After each pilot run, the team conducted an anonymous survey after class to determine the participants’ overall attention level. Over 78% of students reported that they potentially felt more engaged, which the team attributed to in-class adjustments Timorabadi had made based on the app’s live feedback.

“Likely some version of online instruction or meetings will continue after the pandemic,” says Timorabadi. “Teachers always look for ways to reach their students — part of that is adjusting your lesson as you read the room. Engage AI mimics those valuable in-person responses. It was a timely and well-executed project.”

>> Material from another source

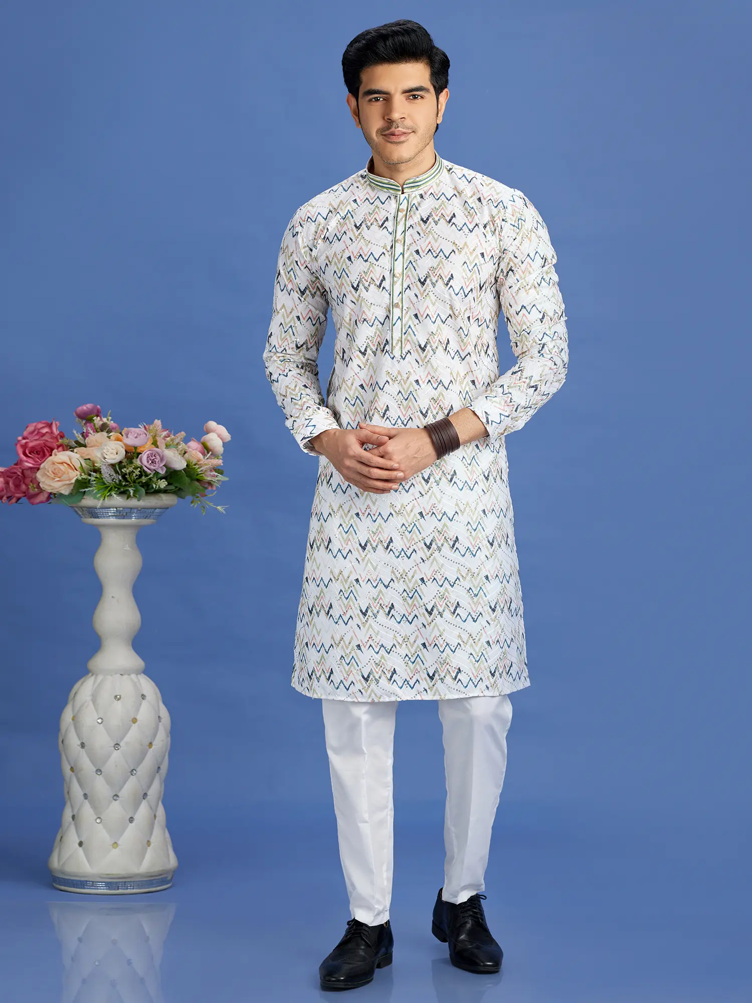 The true highlight of this set is its captivating digital print. A dynamic zig-zag pattern, rendered in a refreshing palette of cool blues, crisp whites, and subtle grays, adorns the kurta. This contemporary graphic design adds a bold yet sophisticated statement to the traditional attire. The print is meticulously applied, ensuring sharp lines and vibrant colors that remain true wash after wash.

Professor Deepa Kundur, Chair of ECE, notes that the team’s reframing of the solution exemplifies a solid principle of engineering.

“The team learned to listen to the end-user and focus on quality over quantity,” she says. “Practical experiences like that are what make the fourth-year Capstone project such an important pedagogical component. To see our undergraduates recognized internationally is a proud moment for the department.”

After their paper presentation at the ASEE conference, a professor from the University of California, Riverside, approached the team’s representative, hoping to test the app with his own class this fall. Though everyone has gone their separate ways after graduation, to jobs across the country and globe, it might be time to get the team back together.

“Nothing’s stopping us from making this a company,” says Chaudhery.